Requirement » When you reach the line with "Рюкзак городской спортивный" in the listing below, transcribe it and each line after it up to and including the line with "明天夜间到31日,张家口、承", exactly and with nothing else.

(Input for this task)

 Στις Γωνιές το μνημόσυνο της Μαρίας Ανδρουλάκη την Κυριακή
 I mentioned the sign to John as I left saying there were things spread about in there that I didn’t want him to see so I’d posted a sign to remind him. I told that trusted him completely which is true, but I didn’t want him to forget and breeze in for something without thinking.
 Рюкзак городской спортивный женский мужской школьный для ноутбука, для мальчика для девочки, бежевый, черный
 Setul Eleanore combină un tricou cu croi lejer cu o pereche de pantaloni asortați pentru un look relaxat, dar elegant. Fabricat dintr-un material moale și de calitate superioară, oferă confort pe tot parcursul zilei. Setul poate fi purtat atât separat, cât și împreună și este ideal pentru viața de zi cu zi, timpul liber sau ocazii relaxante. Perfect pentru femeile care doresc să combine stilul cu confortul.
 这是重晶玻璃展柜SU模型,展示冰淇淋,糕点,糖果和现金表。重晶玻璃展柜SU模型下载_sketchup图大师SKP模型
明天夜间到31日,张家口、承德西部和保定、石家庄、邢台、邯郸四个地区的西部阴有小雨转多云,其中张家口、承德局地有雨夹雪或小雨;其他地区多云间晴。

(End Input for this task)
(Input for this task)

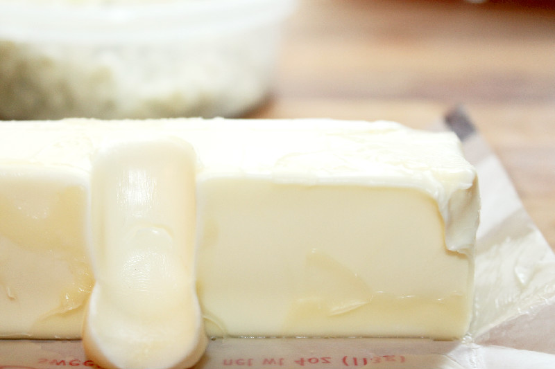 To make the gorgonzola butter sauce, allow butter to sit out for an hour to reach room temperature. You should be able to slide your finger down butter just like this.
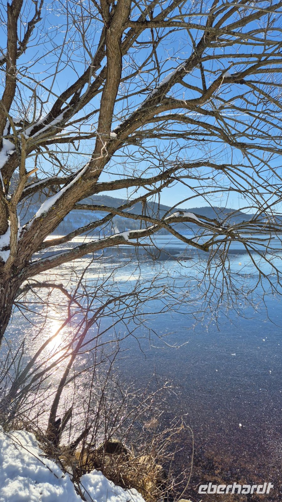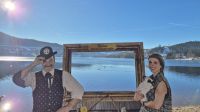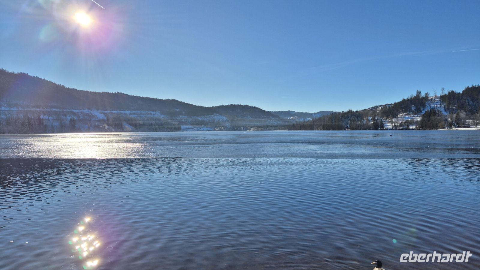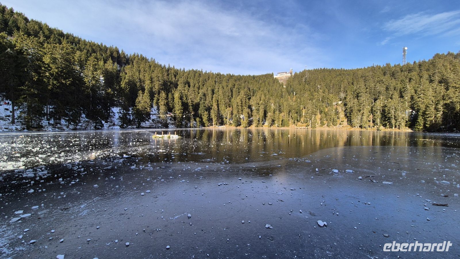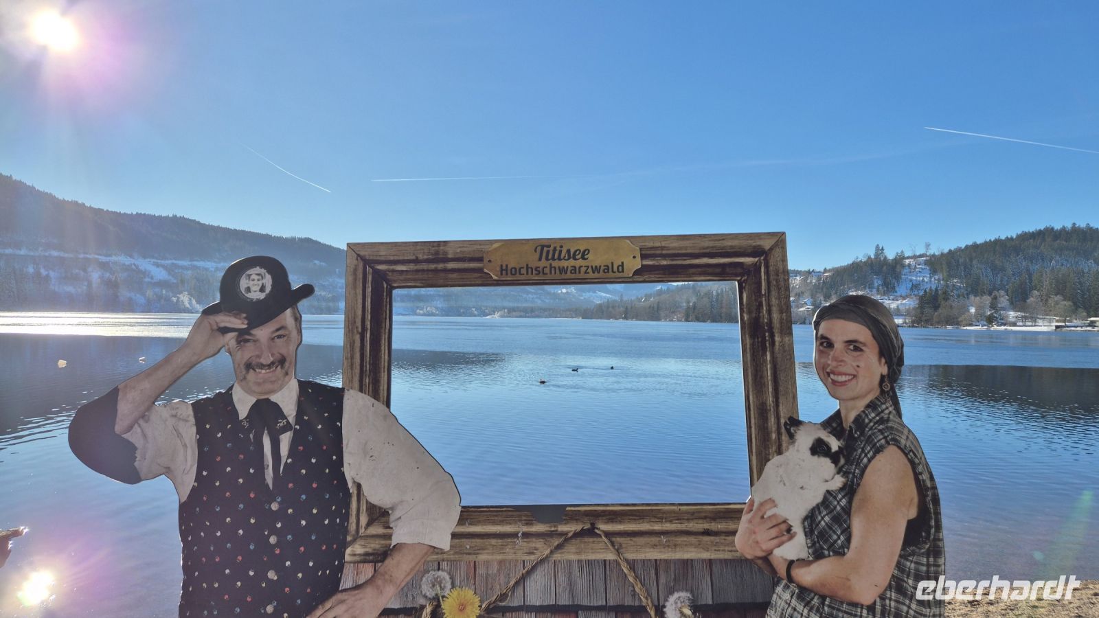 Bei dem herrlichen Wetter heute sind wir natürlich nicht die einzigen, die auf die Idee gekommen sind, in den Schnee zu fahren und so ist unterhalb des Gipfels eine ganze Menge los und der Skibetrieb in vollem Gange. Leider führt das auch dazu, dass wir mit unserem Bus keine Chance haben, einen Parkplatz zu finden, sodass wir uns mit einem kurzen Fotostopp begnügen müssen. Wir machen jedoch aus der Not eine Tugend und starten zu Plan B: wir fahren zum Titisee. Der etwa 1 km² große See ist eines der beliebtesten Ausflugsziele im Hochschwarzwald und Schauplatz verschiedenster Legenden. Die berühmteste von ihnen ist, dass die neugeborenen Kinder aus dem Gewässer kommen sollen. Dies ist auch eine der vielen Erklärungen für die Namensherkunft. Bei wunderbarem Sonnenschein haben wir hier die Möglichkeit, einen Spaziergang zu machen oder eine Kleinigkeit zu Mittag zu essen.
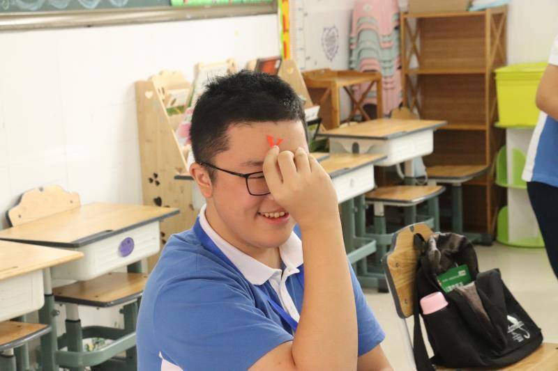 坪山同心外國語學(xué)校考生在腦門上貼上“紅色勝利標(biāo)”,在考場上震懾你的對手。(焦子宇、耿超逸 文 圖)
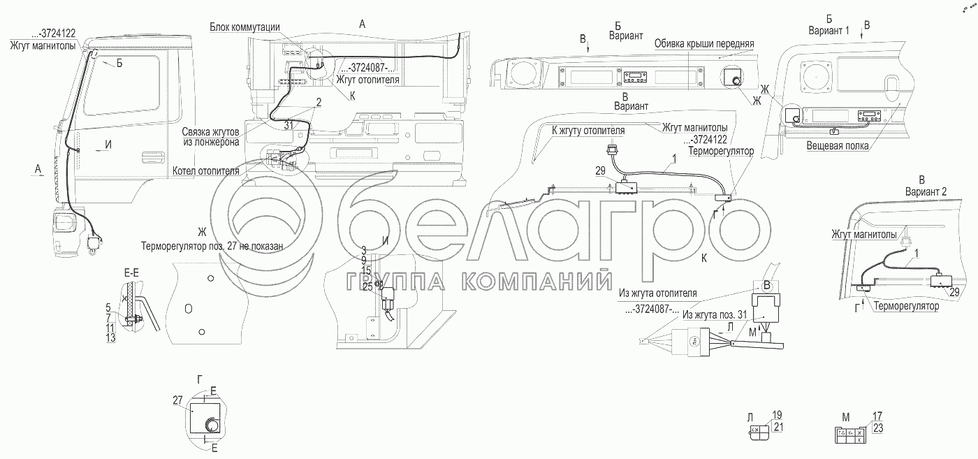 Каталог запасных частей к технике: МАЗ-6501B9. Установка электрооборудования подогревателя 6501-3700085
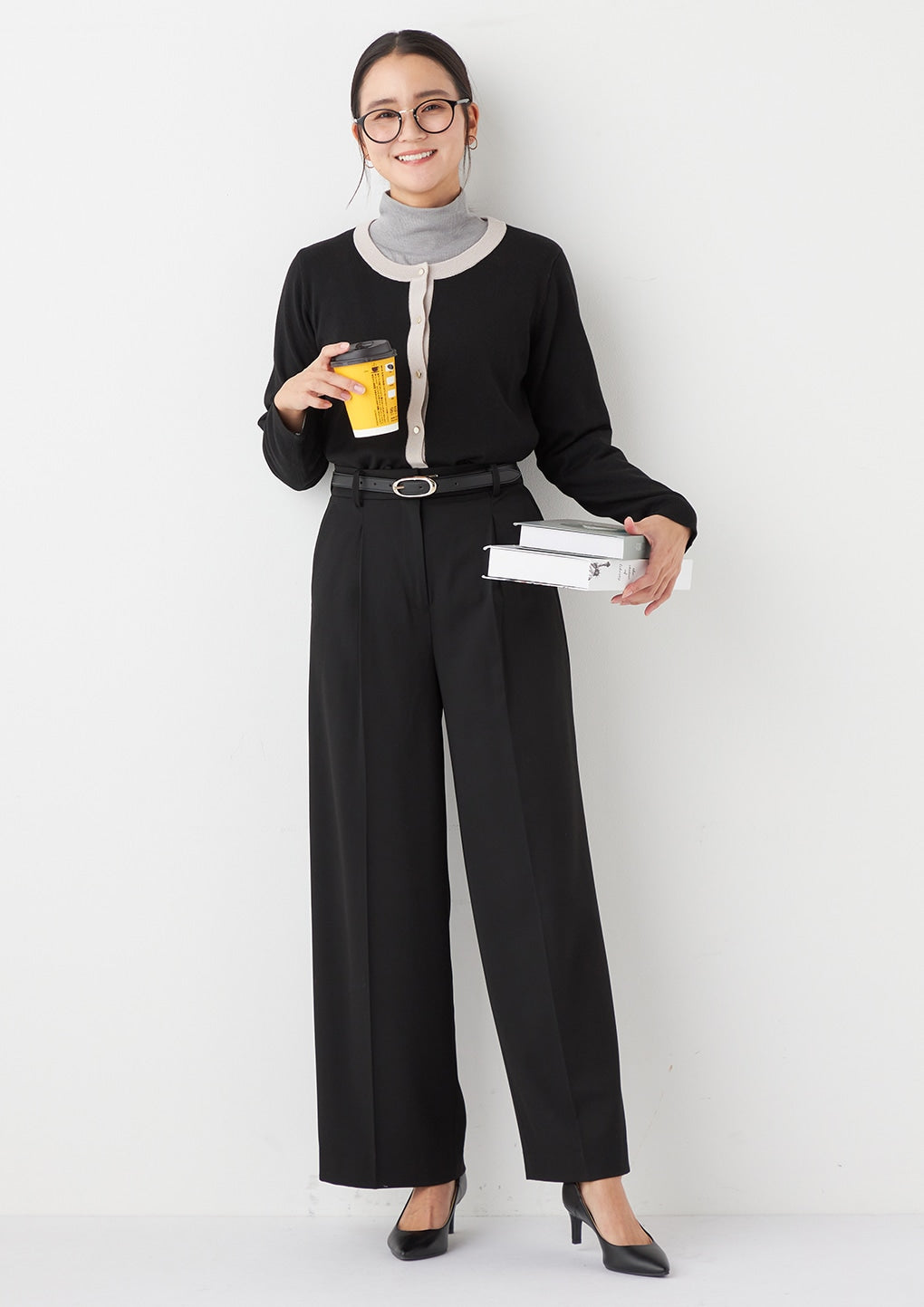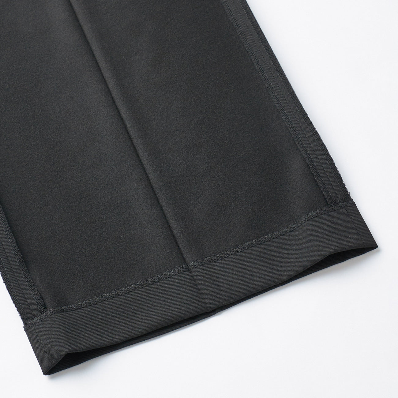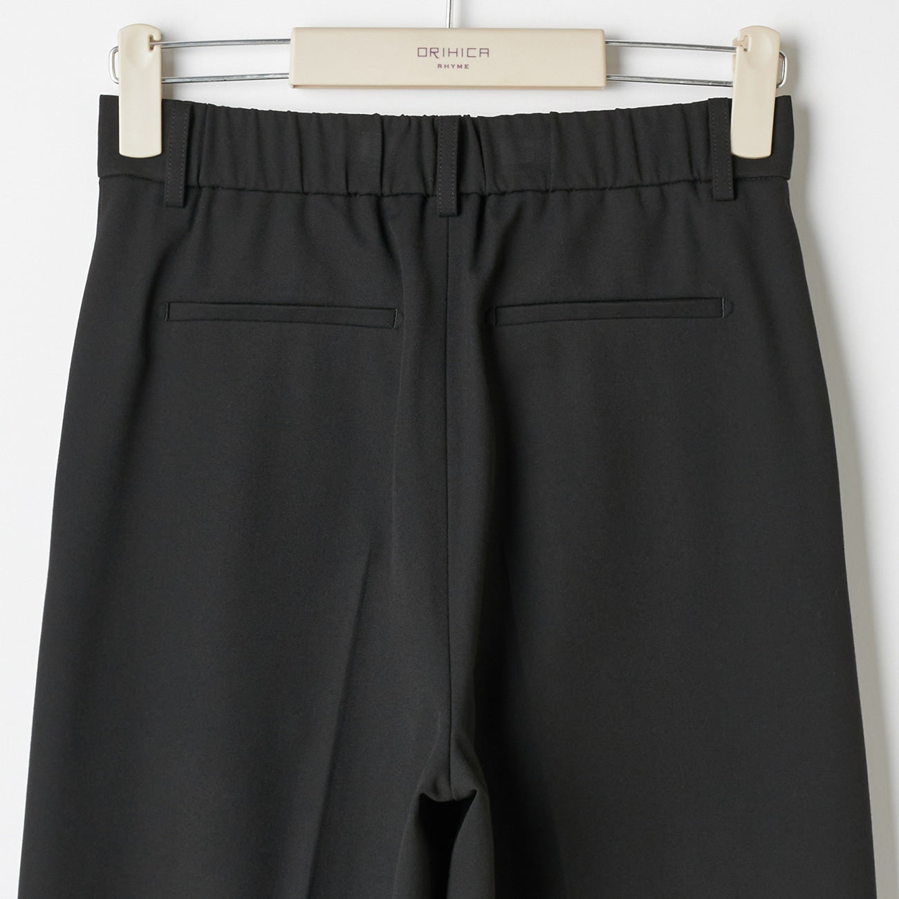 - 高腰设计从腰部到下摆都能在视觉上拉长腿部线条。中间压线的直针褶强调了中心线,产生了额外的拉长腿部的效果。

(End Input for this task)
(Input for this task)

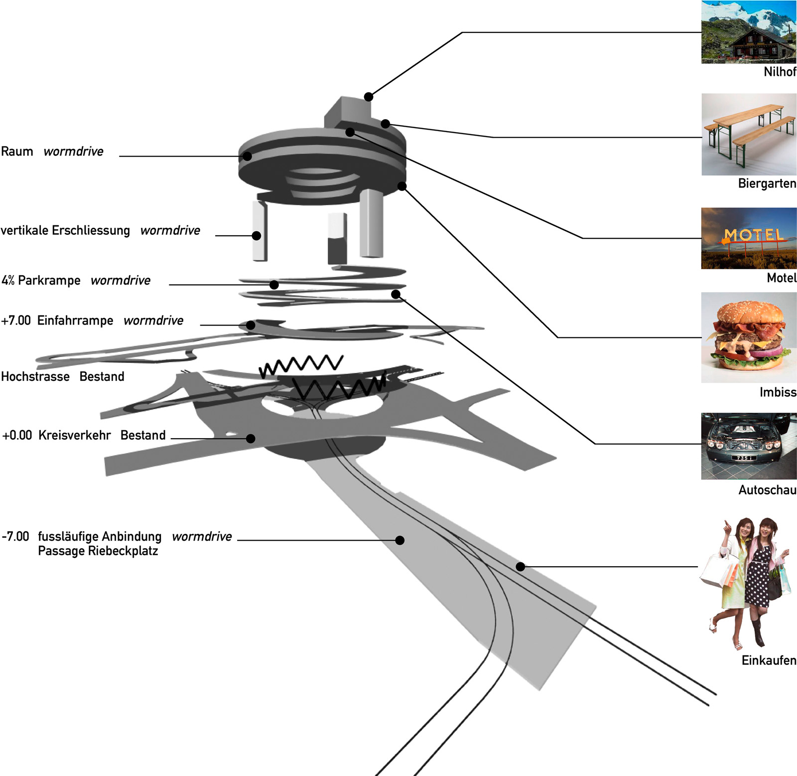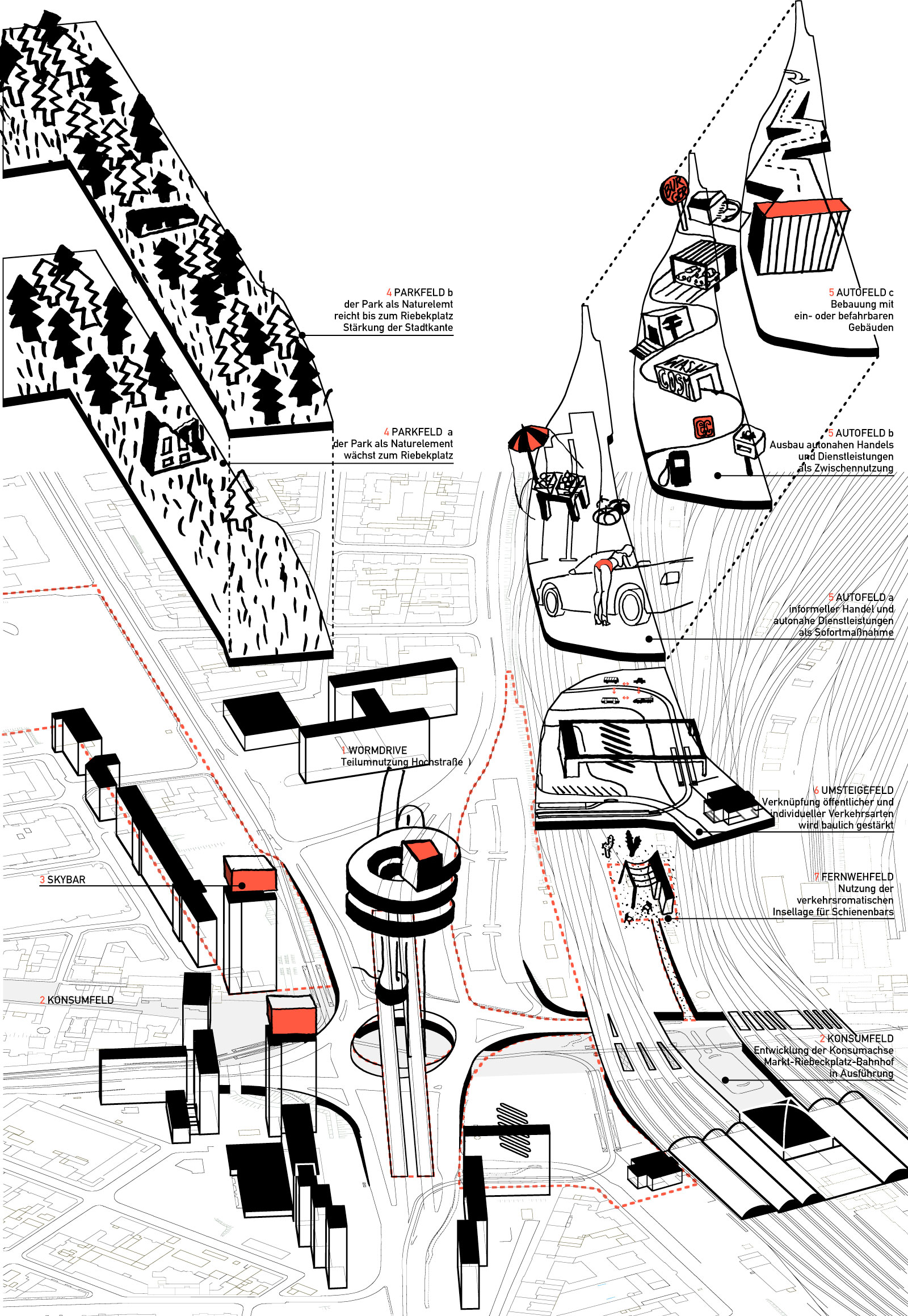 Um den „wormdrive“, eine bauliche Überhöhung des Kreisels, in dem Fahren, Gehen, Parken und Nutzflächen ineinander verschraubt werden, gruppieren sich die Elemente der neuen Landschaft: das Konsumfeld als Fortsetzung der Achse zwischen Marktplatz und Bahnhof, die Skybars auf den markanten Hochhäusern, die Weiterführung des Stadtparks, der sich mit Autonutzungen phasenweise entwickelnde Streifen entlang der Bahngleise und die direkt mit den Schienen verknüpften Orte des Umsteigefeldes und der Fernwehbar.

(End Input for this task)

Problem solution »
 Рюкзак городской спортивный женский мужской школьный для ноутбука, для мальчика для девочки, бежевый, черный
 Setul Eleanore combină un tricou cu croi lejer cu o pereche de pantaloni asortați pentru un look relaxat, dar elegant. Fabricat dintr-un material moale și de calitate superioară, oferă confort pe tot parcursul zilei. Setul poate fi purtat atât separat, cât și împreună și este ideal pentru viața de zi cu zi, timpul liber sau ocazii relaxante. Perfect pentru femeile care doresc să combine stilul cu confortul.
 这是重晶玻璃展柜SU模型,展示冰淇淋,糕点,糖果和现金表。重晶玻璃展柜SU模型下载_sketchup图大师SKP模型
明天夜间到31日,张家口、承德西部和保定、石家庄、邢台、邯郸四个地区的西部阴有小雨转多云,其中张家口、承德局地有雨夹雪或小雨;其他地区多云间晴。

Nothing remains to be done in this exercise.